06Is CDTX or ACAD or AGIO more undervalued right now?
Analyst consensus price targets imply the most upside for ACAD: 54.
1% to $34. 78.
07Which pays a better dividend — CDTX or ACAD or AGIO?
None of the stocks in this comparison currently pay a material dividend.
All are effectively zero-yield and should be held for capital appreciation rather than income.
08Is CDTX or ACAD or AGIO better for a retirement portfolio?
For long-horizon retirement investors, Cidara Therapeutics, Inc.

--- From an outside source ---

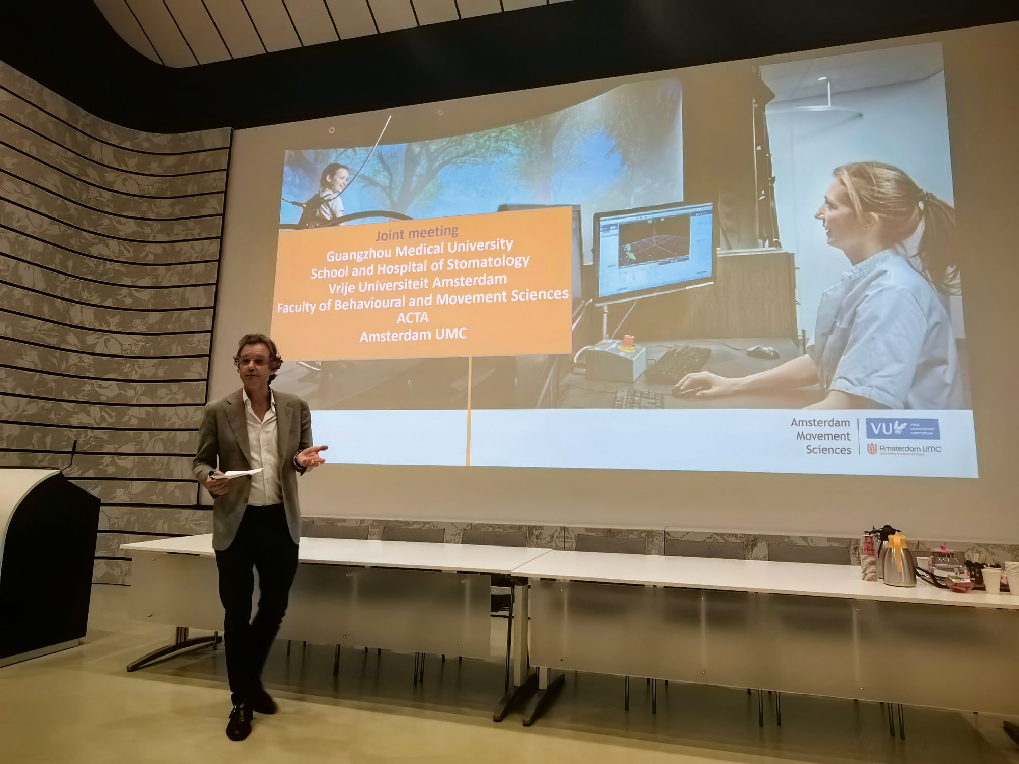 随后,双方联合举行主题为“口腔医学新进展”的研讨会,阿姆斯特丹牙科学术中心科研科主任Cees Kleverlaan教授和我校口腔医学院院长李江教授分别介绍了两校口腔医学发展现状与趋势,参与中荷联合培养项目的广医科研团队进行了专题汇报,双方导师就合作进展及培养方案优化展开热烈讨论,约40名荷方专家参与研讨。

(CDTX) is the stronger choice — it scores higher on the combination of lower volatility, dividend reliability, and long-term compounding (low volatility (β 0. 87)). Both have compounded well over 10 years (CDTX: -16. 0%, ACAD: -22. 9%), confirming both are viable long-term holds — but the lower-volatility option typically results in less emotional selling during corrections. Retirement portfolios generally favour predictability over maximum returns. Consult a financial advisor before making allocation decisions.
09What are the main differences between CDTX and ACAD and AGIO?
Both stocks operate in the Healthcare sector, making this a peer-level intra-sector comparison — the same macro tailwinds and headwinds will affect both.
In terms of investment character: CDTX is a small-cap quality compounder stock; ACAD is a small-cap deep-value stock; AGIO is a small-cap high-growth stock. These fundamental differences mean investors should not choose between them on a single metric — the "better stock" depends entirely on which of these characteristics aligns with your investment strategy.